Dude that looks bomb, I want to try it. 

We cut noodles out all together with an exception for occasional Mac and cheese. 
We make zucchini noodles and make a lasagna. I too crave pizza. The lasagna helps.


----------



## bdskelly (Aug 4, 2018)

Not to sound like a conspiracy kook . But we’ve been given very very bad advice from the gov about eating fat causes high cholesterol. It’s the sugar / carbs that cause the inflammation.  Your body makes cholesterol to repair the inflammation. So stop the inflammation. 
Eat the pork butt not the bun. 
And friends I’ve got the blood tests to prove it. Low fat high carb is not a good diet. (Stepping off my soap box)


----------



## atomicsmoke (Aug 4, 2018)

bdskelly said:


> Your body makes cholesterol to repair the inflammation


Too bad drs still go by the old textbook - giving you pills to lower cholesterol -which esentially is like pullling firemen back during a fire alarm.


----------



## MeatSkull (Aug 4, 2018)

bdskelly said:


> Not to sound like a conspiracy kook . But we’ve been given very very bad advice from the gov about eating fat causes high cholesterol. It’s the sugar / carbs that cause the inflammation.  Your body makes cholesterol to repair the inflammation. So stop the inflammation.
> Eat the pork butt not the bun.
> And friends I’ve got the blood tests to prove it. Low fat high carb is not a good diet. (Stepping off my soap box)


 After my triple I cut all fat and sugar, minimal carbs. My tests are great, got another monday. I've learned to read labels on everything I buy. I crave alot of things I used to eat but resist the temptation. Getting old sucks but I adjust. Btw my coffee is black with a splash of fat free milk these days, I'm good with that.


----------



## kawboy (Aug 6, 2018)

I agree about the cauliflower crusts. My wife started making them after a few failed zucchini crusts. The cauliflower is much better. May have to put my request in for one.


----------



## tallbm (Aug 6, 2018)

I'm going to have to try this crust, the ones at the stores have too many carbs.  I've been cutting carbs way back as well.
The best options I have found from the store is this little "pizza" from Kroger that has the crust made from ground chicken and Parmesan cheese!  It is pretty good but you can catch the taste of the chicken "crust" which is fine because it just becomes a fancy pizza chicken parmesan without the breading hahaha.

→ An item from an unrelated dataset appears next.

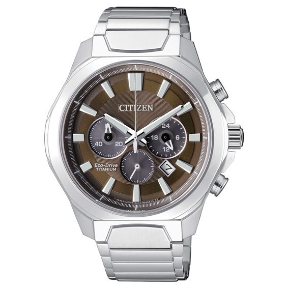 La durezza del vetro zaffiro, la lucentezza del super titanio con trattamento STC, la linea moderna e sportiva e la tecnologia più avanzata: in due parola l’essenza del nuovo orologio della serie Crono SuperTitanio 4320 di Citizen. Pensate ad un orologio leggerissimo ma dalla durezza e compattezza elevata, completamente in Super titanio con trattamento al platino (STC) che rende la superficie particolarmente lucente, pensate poi ad un vetro di zaffiro dalla lucidissima superficie e dalla cristallina trasparenza, praticamente inalterabile nel tempo, pensate infine ad un movimento cronografico con ciclo delle 24 ore e datario, che si carica attraverso l’energia pulita della luce (sistema eco drive). Se state pensando a questo state pensando a Citizen Crono collezione 4320. Dimensione cassa 43,5 mm. Impermeabile 100 metri. Orologio nuovo non solo nella finitura dei materiali ma anche nella forma della cassa che si presenta con un particolare design geometrico e moderno. CARATTERISTICHE Movimento : Eco drive (a carica luce infinita) con riserva di carica di 9 mesi. Cassa in Super Titanium da 43,5mm, con fondello serrato a vite, finitura super titanium Bracciale in Supertitanium Quadrante marrone/bronzo Funzione Chrono a 1/5 di secondo Vetro zaffiro Impermeabilità WR 10 Bar Peso 110gr

Also I found a keto coconut flour flat wrap/tortilla recipe that I'm starting to get down.  I did pizza out of those and it was a pretty good success.  They turned out more like strombolis BUT I think if I toast the wraps/tortillas in the oven to get them crispy that will solve the problem there.  I'm still experimenting with them.

They DO however work well as wraps and wanna-be tortillas.  

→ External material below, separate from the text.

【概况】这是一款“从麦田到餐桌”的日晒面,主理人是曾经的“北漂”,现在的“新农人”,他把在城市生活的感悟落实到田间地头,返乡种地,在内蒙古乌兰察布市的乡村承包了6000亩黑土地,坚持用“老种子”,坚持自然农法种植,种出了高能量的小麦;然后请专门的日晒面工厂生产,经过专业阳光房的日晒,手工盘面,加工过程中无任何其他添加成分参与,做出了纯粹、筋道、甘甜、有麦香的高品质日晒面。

Finally, on the riced cauliflower, I love the stuff.  I actually cook it like Mexican/Spanish rice as well as Asian Fried rice and I am astounded at how close the flavor comes.  The texture is not the same but is close enough to mushy rice that it works fine for me.  I love to be able to throw the Mexcian riced cauliflower into the wrap and add meat and a touch of salsa or hot sauce and avocado, etc. etc. and go to town on it!

This fixes most of my carb cravings for the time being.   OOOH that and pork rinds with quacamole or just a little home made salsa for my chips and dip fix :)


----------



## browneyesvictim (Aug 6, 2018)

Thanks for posting this. I did "loaded" cauliflower- (loaded mashed potatoes) last night and I myself LOVED it. But it was a "miss" for the Mrs. She says her brain tells her its supposed to be potatoes, but its not- admits its 100% psychological.
I think I need to try crispy/crusty alternatives to the "mushy".


----------



## willbeg4q (Aug 6, 2018)

kawboy said:


> I agree about the cauliflower crusts. My wife started making them after a few failed zucchini crusts. The cauliflower is much better. May have to put my request in for one.

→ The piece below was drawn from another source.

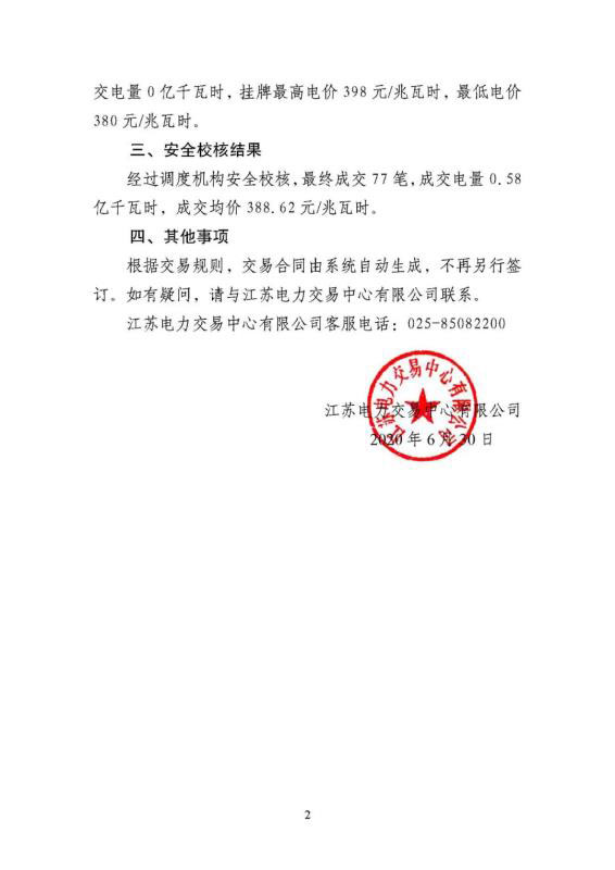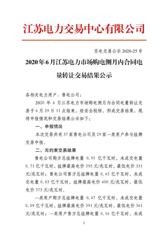 2020年6月江蘇電力市場(chǎng)購(gòu)電側(cè)月內(nèi)合同電量轉(zhuǎn)讓交易結(jié)果公示

I’ve tried that too. Zucchini makes good noodles, but not crust. Kind of like how cauliflower makes great crust and gross pasta.


----------



## 73saint (Aug 6, 2018)

browneyesvictim said:


> Thanks for posting this. I did "loaded" cauliflower- (loaded mashed potatoes) last night and I myself LOVED it. But it was a "miss" for the Mrs. She says her brain tells her its supposed to be potatoes, but its not- admits its 100% psychological.
> I think I need to try crispy/crusty alternatives to the "mushy".


I think the key to good cauliflower crust is getting as much moisture out as possible.  I did well, but next time will work even harder on that.  The thin crispy pieces at the edge of the crust were perfect.


----------



## TomKnollRFV (Aug 6, 2018)

Never tried the Cauliflower pizza yet; but I have done mashed cauliflower in place of mashed potatoes and liked it. Might need to try this now that it got the stamp of approval on SMF.


----------